▶ What is expected:
Further down are entries; set down exactly and only the lines from the one with "- アートピースは、檜舞台を再利用し、絵描きによって描かれる" up to and including the one with "陳真與沈奶奶在電話(huà)亭前合影", dropping each picture.

▶ Raw data:
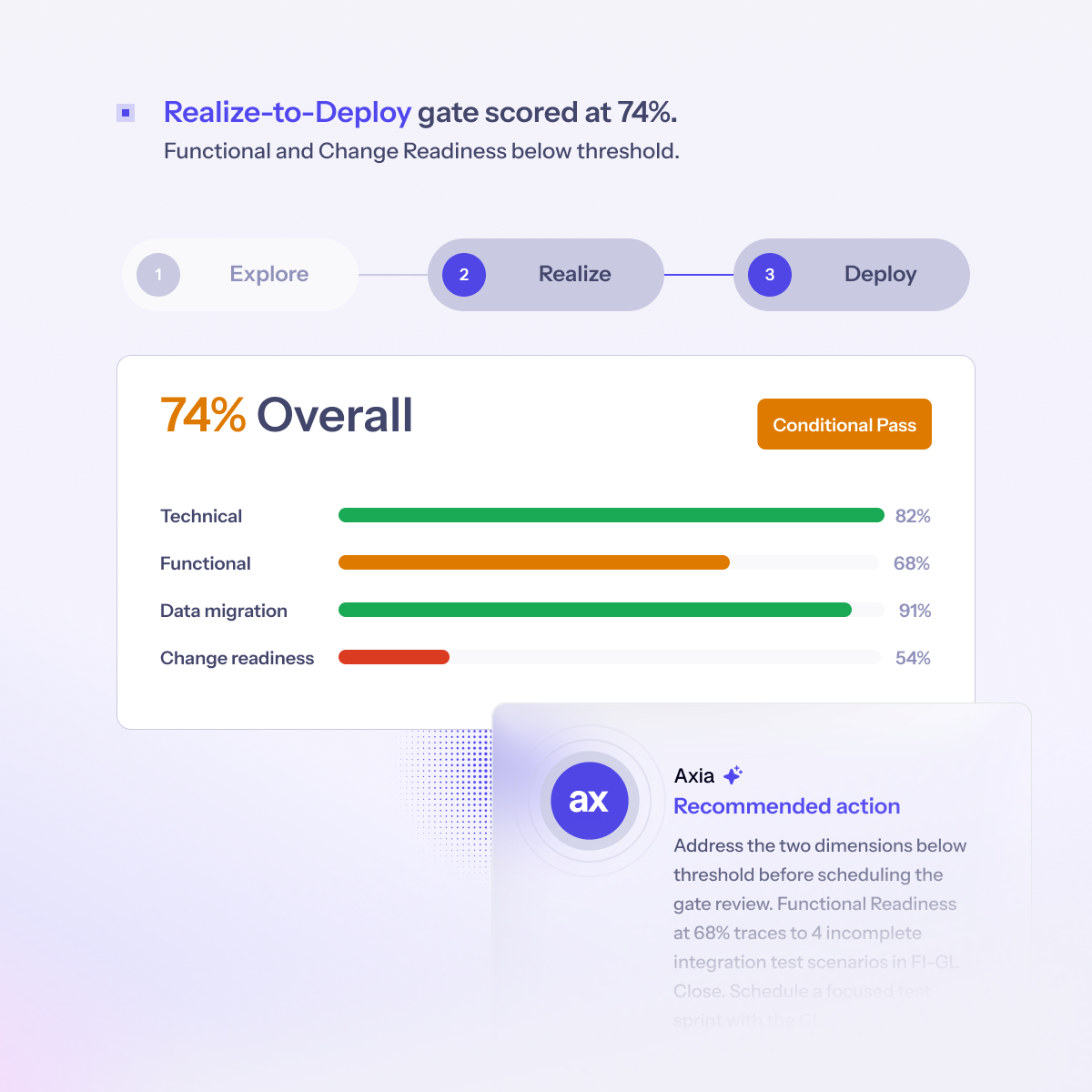 Monitor change readiness, role-level adoption signals, and downstream testing stability in one composite view, so phase transition decisions are based on evidence, not optimism.
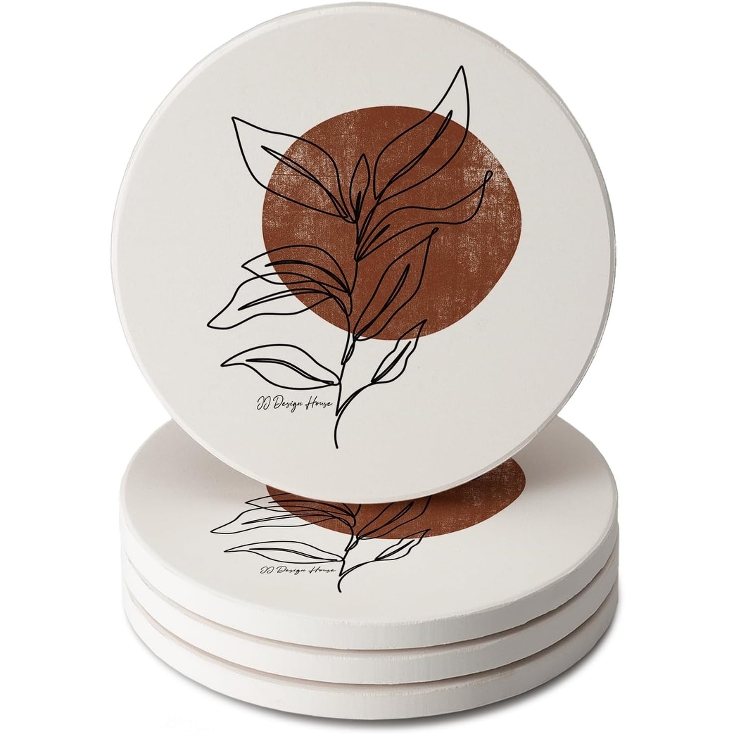 Mocha Stem 4 Pack Round Absorbent Stone Coasters with Protective Cork Backing Manufactured in The USA
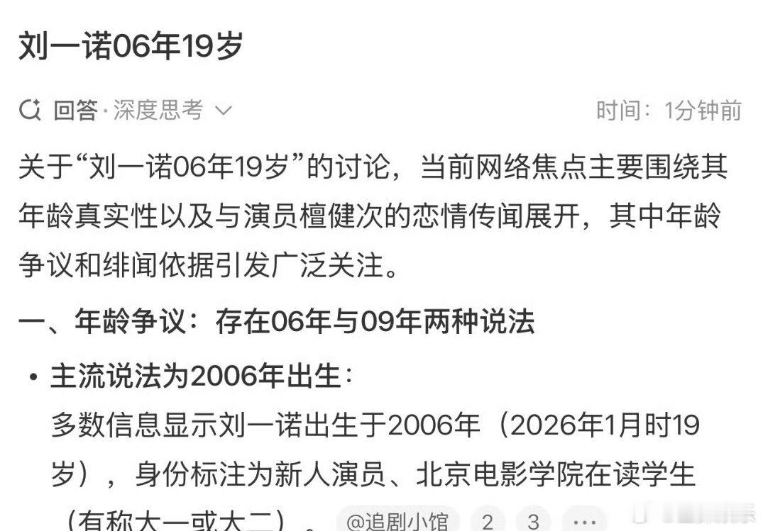 檀健次刘一诺差16岁综合争议版 这瓜信息量也太大了…先是扒出同款地毯、衬衫,还有“命好”的暧昧文案,女方住址也被指与男方高度重合。但粉丝澄清地毯是道具、礼物是妈妈送的,证据链存疑。更关键的是,女方年龄在06和09年间摇摆不定,若未成年性质就变了。双方至今沉默,只剩下网友在“自由恋爱”和“阅历剥削”间激烈辩论。咱就是说,等一个工作室的回应不过分吧?刘一诺06年19岁
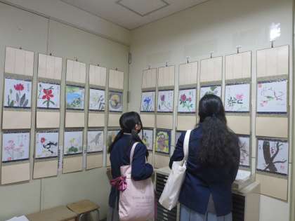 展示作品は,卒業を前にして制作した,日本画の技法を使っての卒業作品です。濃淡の墨を用いて,墨の振る舞いを学んだ後,教科書の「鳥獣人物戯画」の好きな場面を墨で模写したり,美術大学の学生が学ぶ手本を試しに模写したりした後に,様々な手本から選択した絵を,自分のアレンジを加えながら,日本画の画材「水干絵の具」を用いて,初めての日本画にチャレンジしました。制作の間は,静まり返って落ち着いた時間が流れ,緊張感を持って取り組む姿がありました。絵の具に慣れてきたころには,一筆一筆を楽しみながらじっくり描きすすめ,どのクラスからも素敵な色紙絵が生まれました。
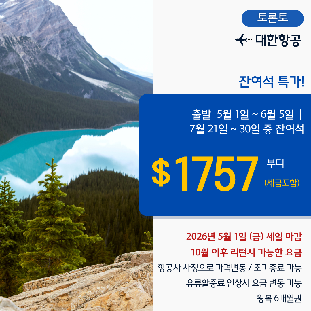 [토론토] 대한항공 준성수기특가
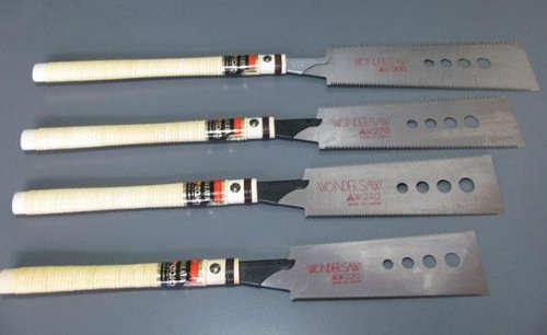 刃のほぼ中央に4つ穴を開けることにより、刃のバランスが良く使いやすい。手軽に使える両刃ノコギリです。
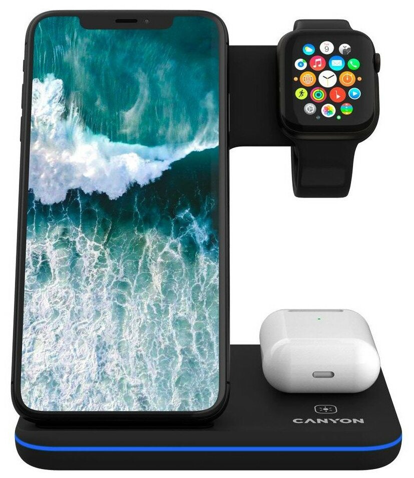 Беспроводное зарядное устройство CANYON WS-303 3в1 Черный
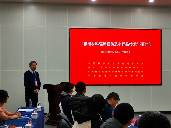 1月26日至28日,“核用材料輻照損傷及小樣品技術(shù)”研討會(huì)在廣東省惠州市召開(kāi)。本次會(huì)議由中國(guó)科學(xué)院近代物理研究所、國(guó)標(biāo)(北京)檢驗(yàn)認(rèn)證有限公司聯(lián)合主辦,中國(guó)有色金屬學(xué)會(huì)理化檢驗(yàn)學(xué)術(shù)委員會(huì)、中國(guó)新材料測(cè)試評(píng)價(jià)聯(lián)盟共同承辦。來(lái)自中國(guó)科學(xué)院近代物理研究所、中國(guó)原子能科學(xué)研究院、中國(guó)核動(dòng)力研究設(shè)計(jì)院、中國(guó)科學(xué)院金屬研究所、中廣核研究院有限公司、蘇州熱工研究院、有研工程技術(shù)研究院有限公司、國(guó)標(biāo)(北京)檢驗(yàn)認(rèn)證有限公司、上海交通大學(xué)、北京理工大學(xué)、山東大學(xué)、西南科技大學(xué)等12家單位的26名代表參加會(huì)議。
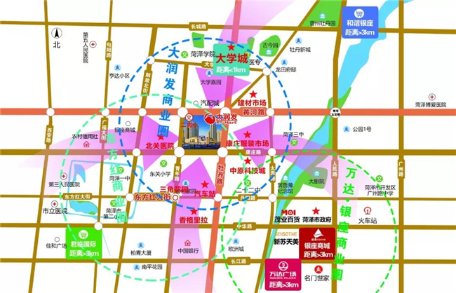 三大商圈(东方红大街老商圈、万达银座商圈、大润发商圈)中心
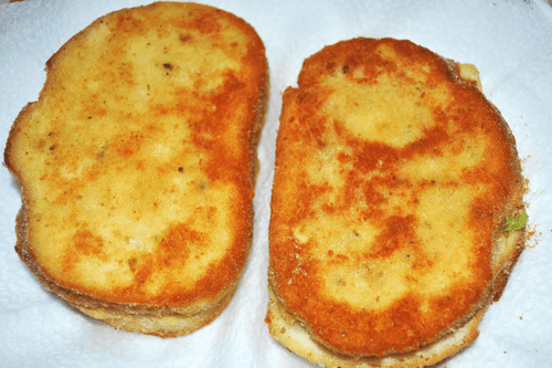 В кусочках белого хлеба приминаем серединку и в каждую кладем по ломтику сыра. Начинку выкладываем лишь на двух куска хлеба, утрамбовывая (но, чтобы не вываливалось) и накрываем вторым куском хлеба с сыром.
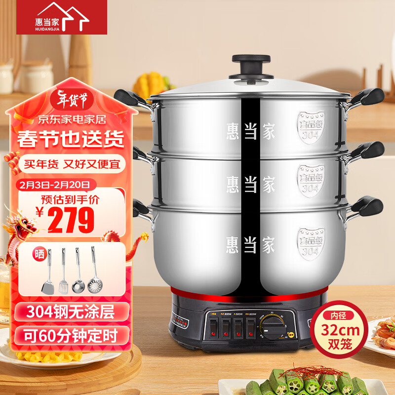 惠当家(Hui Dang Jia)电锅多功能电热锅定时电煮蒸锅电炒锅多用途锅电火锅304不锈钢锅 32cm双笼【定时款】价格:279.00元!
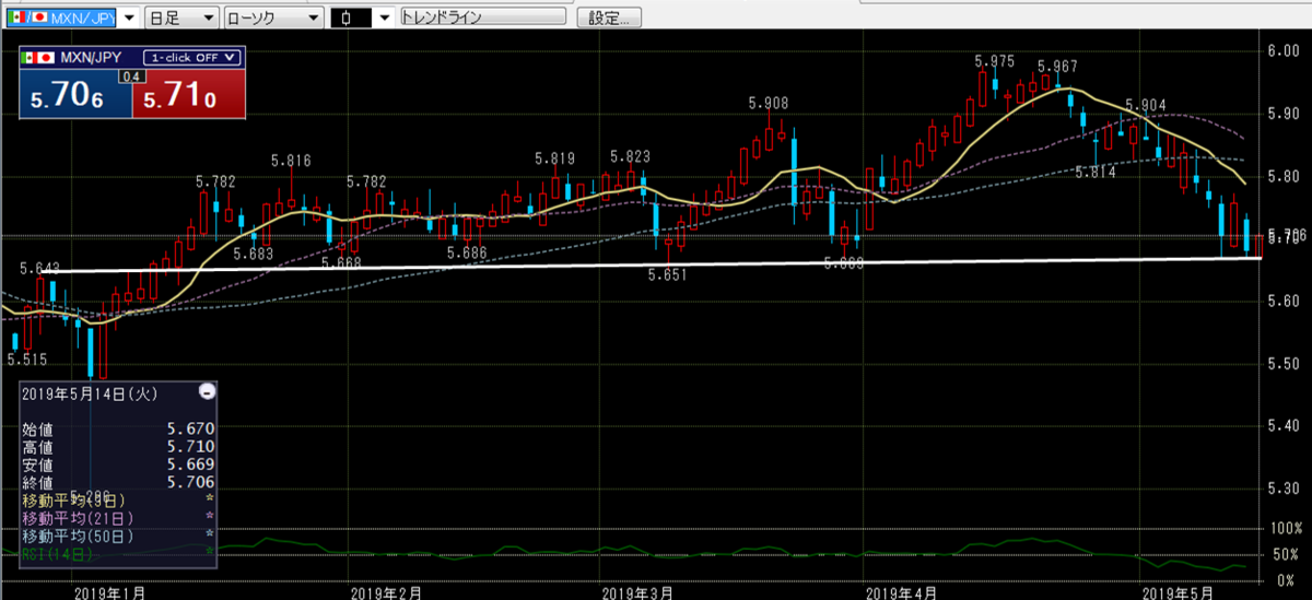 GWが明けて、メキシコペソのチャートを考察してみます。
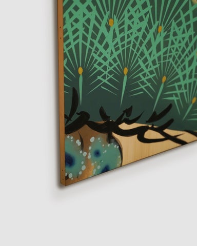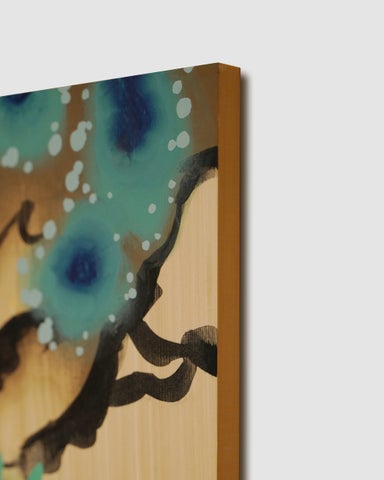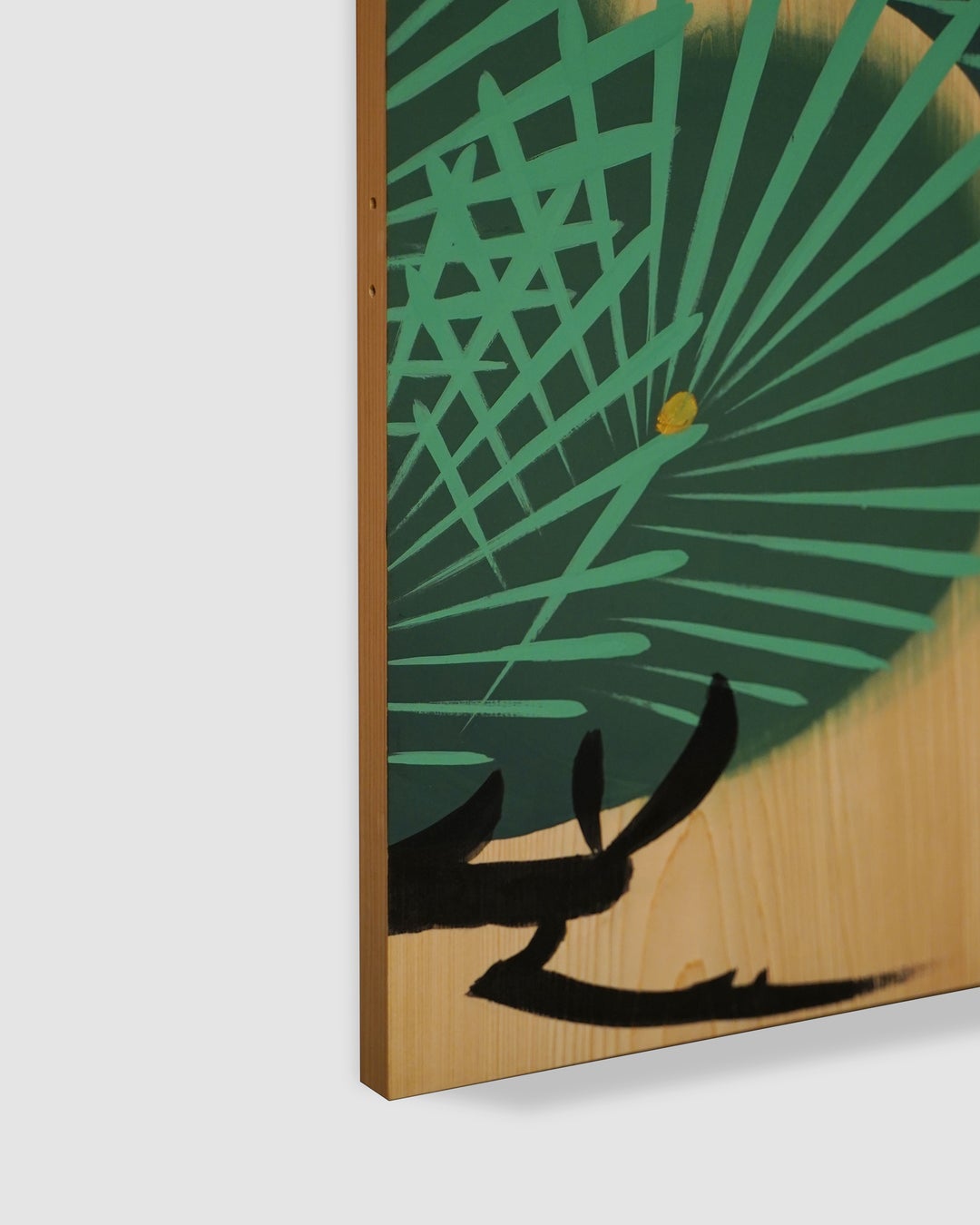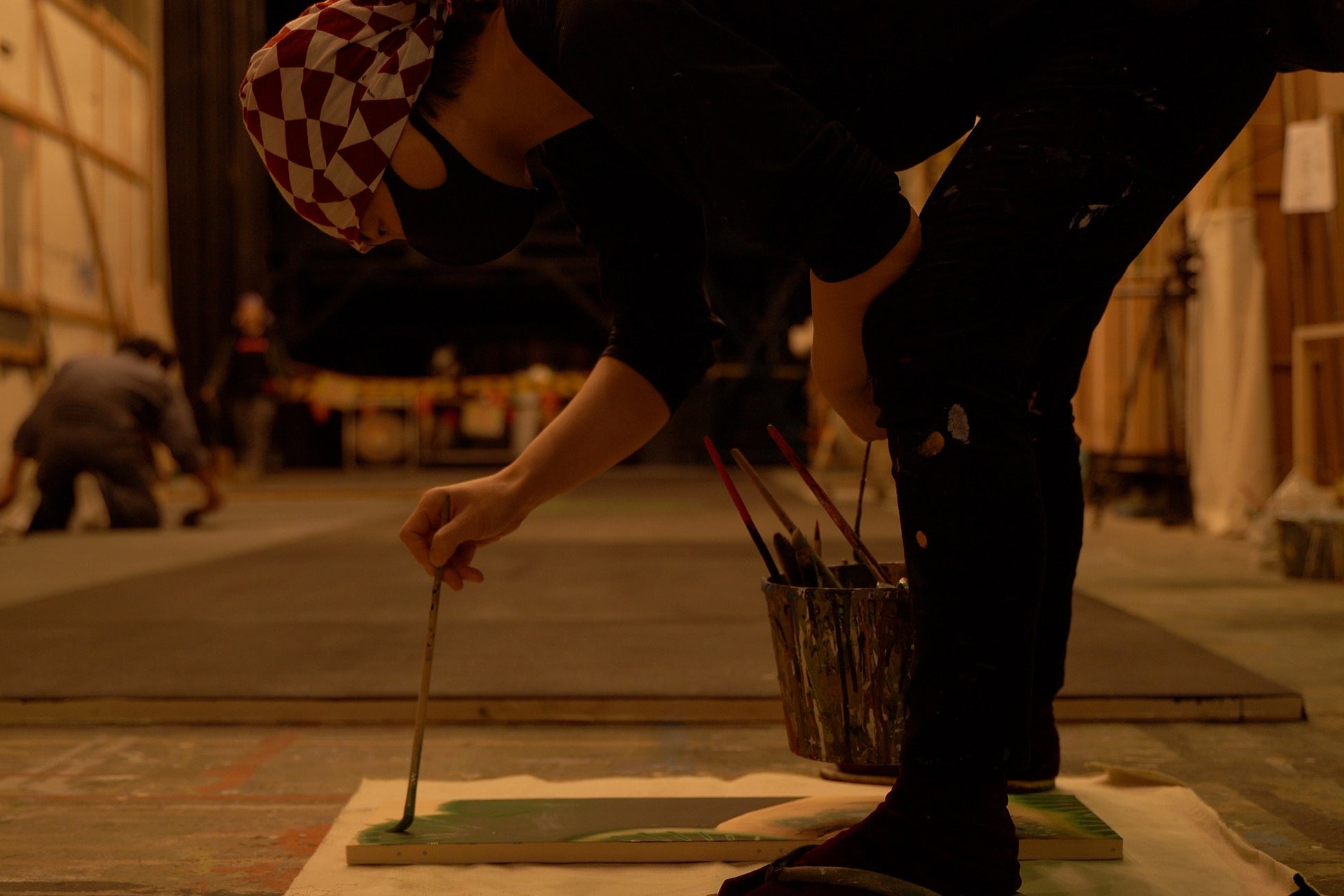 - アートピースは、檜舞台を再利用し、絵描きによって描かれる
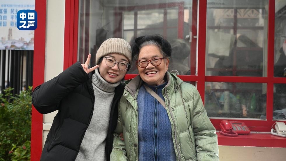 陳真與沈奶奶在電話(huà)亭前合影
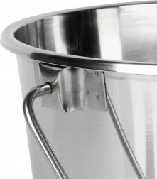 Uniwersalne stalowe wiadro to niezastąpiony pomocnik do codziennych prac w domu i w profesjonalnych zastosowaniach. Gładka powierzchnia ze stali nierdzewnej łatwo się czyści i nie pochłania zapachów, a solidne druciane ucho zapewnia wygodne przenoszenie i możliwość zawieszenia. Wymiary ok. 30 × 33 cm oferują wystarczająco miejsca na wodę, mleko, owoce czy surowce na budowie.
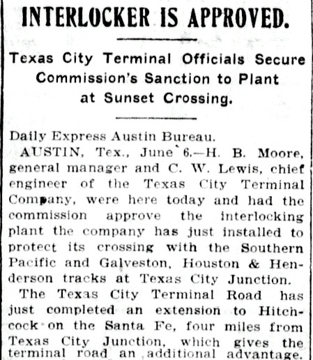 Galveston, Houston & Henderson (GH&H) Railway. His train has just crossed the tracks of the Texas City Terminal (TCT) Railway which
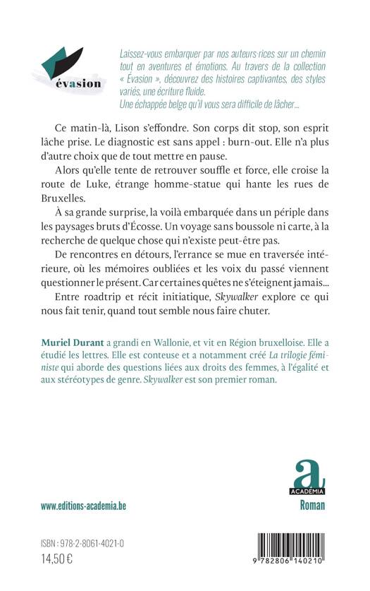 Ce matin-là, Lison s'effondre. Son corps dit stop, son esprit lâche prise. Le diagnostic est sans appel: burn-out. Elle n'a plus d'autre choix que de tout mettre en pause. Alors qu'elle tente de retrouver souffle et force, elle croise la route de Luke, étrange homme-statue qui hante les rues de Bruxelles. À sa grande surprise, la voilà embarquée dans un périple dans les paysages bruts d'Écosse. Un voyage sans boussole ni carte, à la recherche de quelque chose qui n'existe peut-être pas. De rencontres en détours, l'errance se mue en traversée intérieure, où les mémoires oubliées et les voix du passé viennent questionner le présent. Car certaines quêtes ne s'éteignent jamais... Entre roadtrip et récit initiatique, Skywalker explore ce qui nous fait tenir, quand tout semble nous faire chuter.
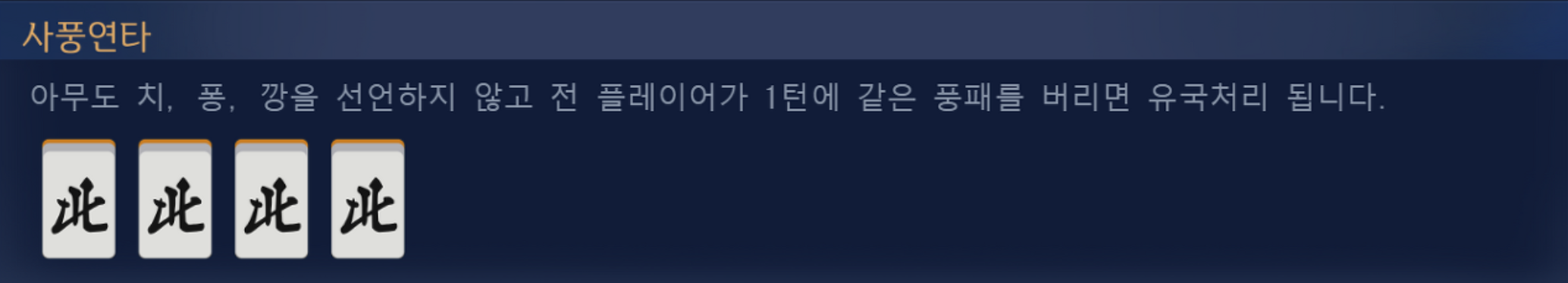 사풍연타(四風字聯打): 누구도 울지 않았을 때 모든 사람이 1턴에 같은 방위패를 버릴 때.

▶ Written response:
 - アートピースは、檜舞台を再利用し、絵描きによって描かれる
 陳真與沈奶奶在電話(huà)亭前合影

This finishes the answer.